---------- Records provided
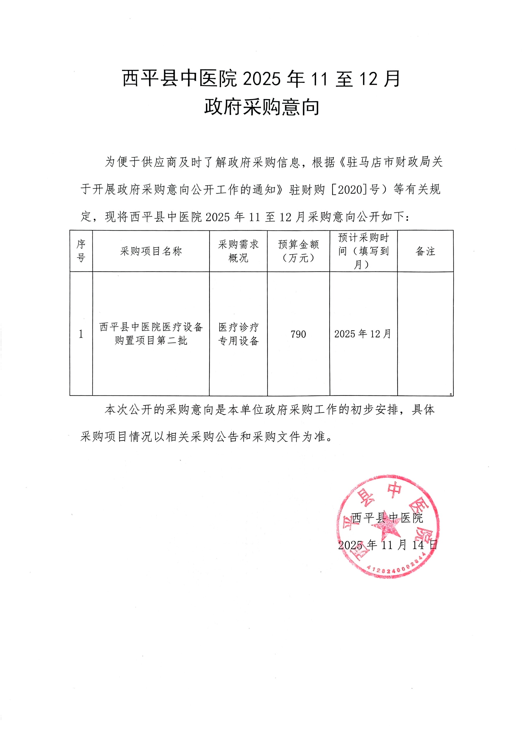 为便于供应商及时了解政府采购信息,根据《河南省财政厅关于开展政府采购意向公开工作的通知》(豫财购〔****〕*号)等有关规定,现将西平县中医院 ****年**(至)**月采购意向公开如下: |
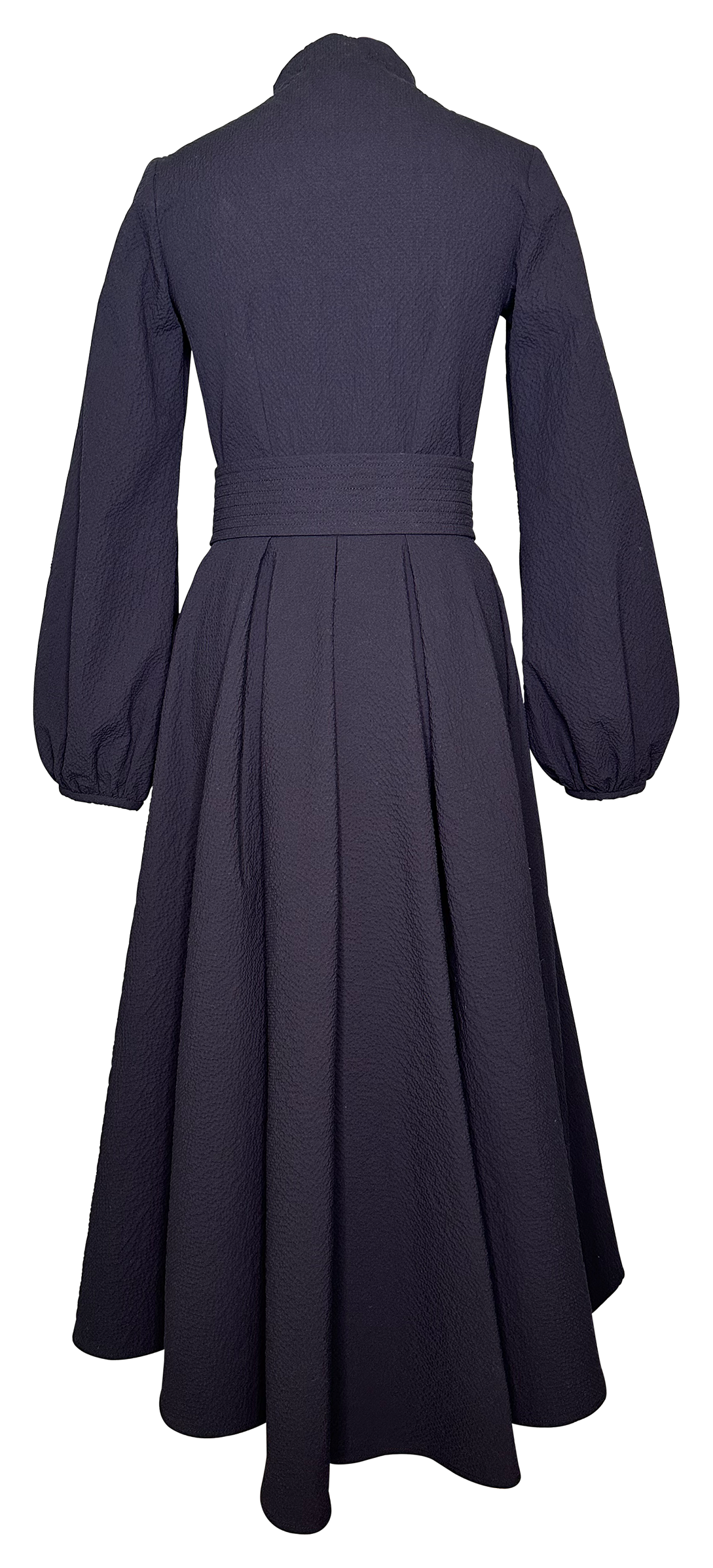 The "Eleanor" coat in color night by Lena Hoschek is the perfect addition to your summer wardrobe. Crafted from light seersucker, this unlined jacket offers a breezy, relaxed fit. Covered buttons and the attached stand collar add an elegant touch. The wide sleeves and the matching fabric belt with a cord buckle accentuate the tailored, figure-flattering silhouette. Featuring side seam pockets and playful pleats at the hem, this coat combines stylish details with summer lightness.
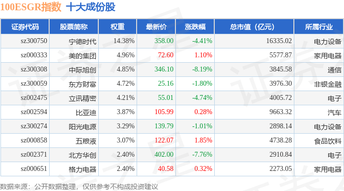 资金流向方面,100ESGR(470027)指数成份股当日主力资金净流出合计145.87亿元,游资资金净流入合计37.87亿元,散户资金净流入合计108.0亿元。成份股资金流向详情见下表:
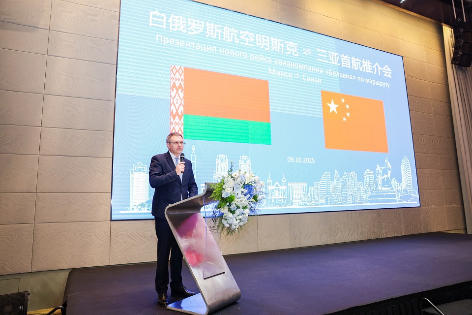 09.10.2025 г.8–9 октября 2025 г. Чрезвычайный и Полномочный Посол Республики Беларусь в Китайской Народной Республике Червяков А.В. принял участие в церемонии встречи и презентации рейса авиакомпании «Белавиа» по маршруту Минск-Санья-Минск.
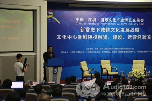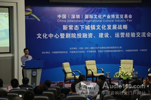 5月13日,由中国(深圳)国际文化产业博览交易会主办、中国演出行业协会、中国建筑装饰协会等多家单位联合承办的文博会专题论坛“新常态下城镇文化发展战略——文化中心暨剧院投融资、建设、运营经验交流会”在深圳的中国脑库举行,这是我国首次将文化复兴及文化惠民与城镇文化中心及剧院等基层文化建筑实践相结合的一次盛会。剧院建设专家中孚泰谭泽斌提出的剧院建设应当集群化、社区化、专业化、标准化的观点,得到了与会各方的高度评价。
--------------------
Exercise brief | Line by line, restate the data above exactly as it stands, minus the pictures.

Response area |
 为便于供应商及时了解政府采购信息,根据《河南省财政厅关于开展政府采购意向公开工作的通知》(豫财购〔****〕*号)等有关规定,现将西平县中医院 ****年**(至)**月采购意向公开如下: |
 The "Eleanor" coat in color night by Lena Hoschek is the perfect addition to your summer wardrobe. Crafted from light seersucker, this unlined jacket offers a breezy, relaxed fit. Covered buttons and the attached stand collar add an elegant touch. The wide sleeves and the matching fabric belt with a cord buckle accentuate the tailored, figure-flattering silhouette. Featuring side seam pockets and playful pleats at the hem, this coat combines stylish details with summer lightness.
 资金流向方面,100ESGR(470027)指数成份股当日主力资金净流出合计145.87亿元,游资资金净流入合计37.87亿元,散户资金净流入合计108.0亿元。成份股资金流向详情见下表:
 09.10.2025 г.8–9 октября 2025 г. Чрезвычайный и Полномочный Посол Республики Беларусь в Китайской Народной Республике Червяков А.В. принял участие в церемонии встречи и презентации рейса авиакомпании «Белавиа» по маршруту Минск-Санья-Минск.
 5月13日,由中国(深圳)国际文化产业博览交易会主办、中国演出行业协会、中国建筑装饰协会等多家单位联合承办的文博会专题论坛“新常态下城镇文化发展战略——文化中心暨剧院投融资、建设、运营经验交流会”在深圳的中国脑库举行,这是我国首次将文化复兴及文化惠民与城镇文化中心及剧院等基层文化建筑实践相结合的一次盛会。剧院建设专家中孚泰谭泽斌提出的剧院建设应当集群化、社区化、专业化、标准化的观点,得到了与会各方的高度评价。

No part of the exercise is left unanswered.